Friday, December 9, 2016

How to translate a large C project to Rust

In October, I started working on translating CVS from C to Rust, and today I'd like to answer these questions about how that's going:
  • How does a Corrode-aided porting effort work, in practice?
  • How much progress have I made on CVS, and how hard would it be to do the same for other projects today?
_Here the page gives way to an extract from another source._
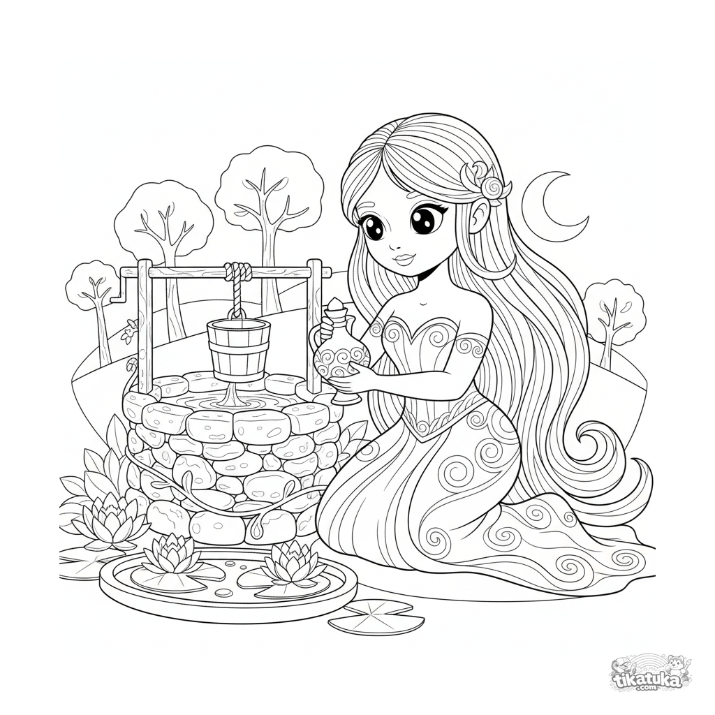 Раскраска для детей 4-6 лет: изящная водяная дева набирает волшебную воду из колодца в хрустальный флакон. Фольклорный образ с кувшинками и каплями росы.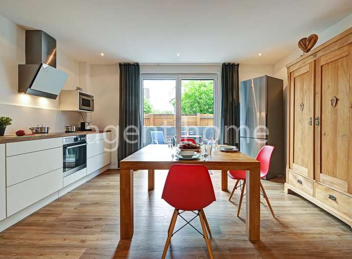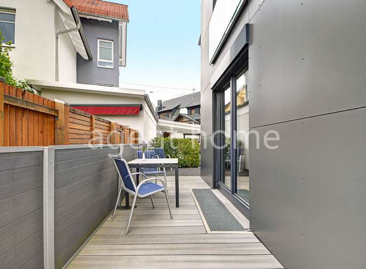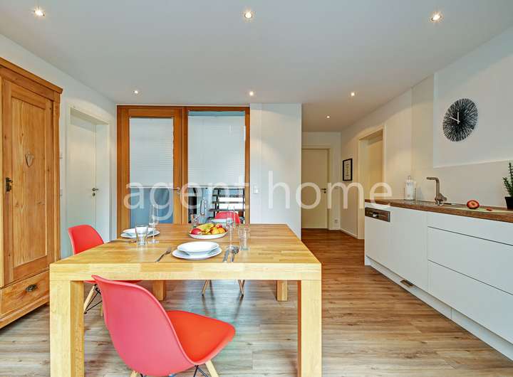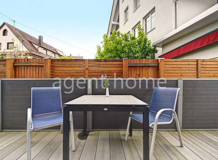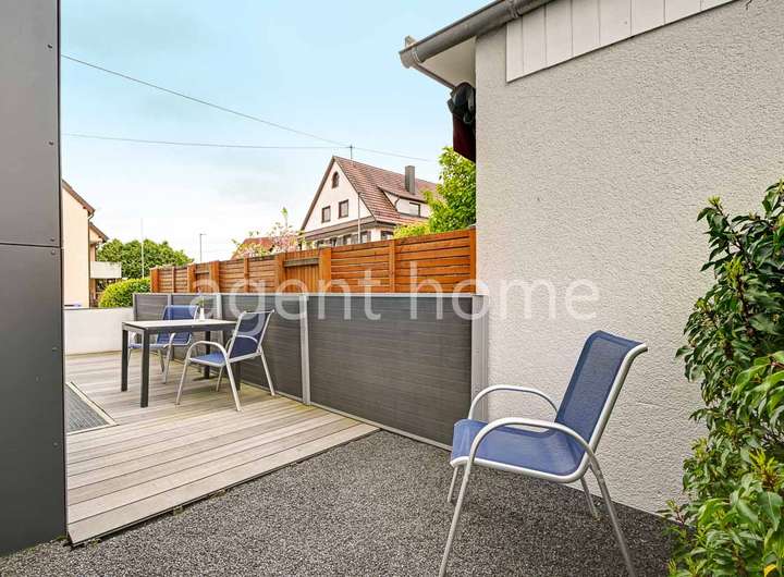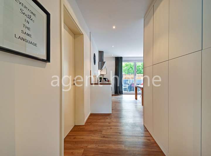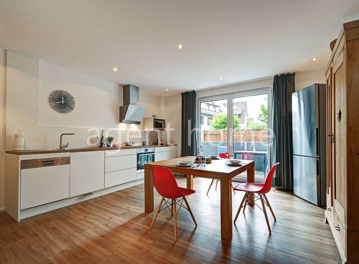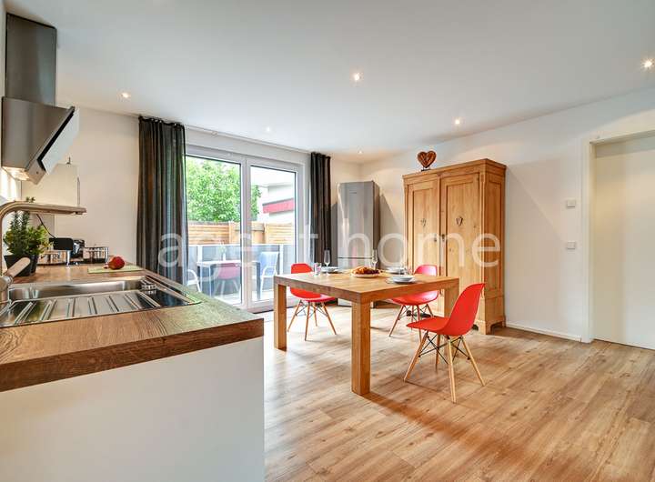 Die Wohnung befindet sich im Erdgeschoss eines gepflegten Mehrfamilienhauses von 2016 und wurde 2023 neu möbliert.

How to translate a new project using Corrode

Here's the process I've followed while working on translating CVS to Rust. You can find the scripts and patches described here in my cvs-rs repository.

0. Does it build?

Before doing anything else, I made sure that I could build CVS from unmodified source using GCC. This is important! If it doesn't work with a standard C compiler, there is absolutely no way Corrode is going to give you good results. Or as Charles Babbage put it:
On two occasions I have been asked, 'Pray, Mr. Babbage, if you put into the machine wrong figures, will the right answers come out?' I am not able rightly to apprehend the kind of confusion of ideas that could provoke such a question.
If the project you're translating has a test suite, this is also a good time to check that the test suite passes before you start changing things!

1. Trial run

Next, to get a rough idea of how much work the translation will eventually require, I tried just substituting Corrode and rustc in place of GCC in the build. Most build systems for open source projects make it easy to do that, usually by setting a "CC" variable to the path you want to use as your C compiler. In the case of CVS, I did it this way:
make CC=/path/to/corrode/scripts/corrode-cc
corrode-cc is a wrapper script that does these steps:
  1. Run Corrode to translate one C source file to a standalone Rust module.
  2. Run rustc on that Rust module, asking it to treat it as a dylib-type crate but to only emit an object file.
  3. If either of those steps fails, save the error message and then run GCC to get an object file anyway.
So the result of this step is that we have a bunch of Rust modules lying around, plus a bunch of files recording various error messages. Hopefully the build completed successfully, and if we're lucky, there's even some Rust-compiled code in it, and if we're really lucky, the new binary still works!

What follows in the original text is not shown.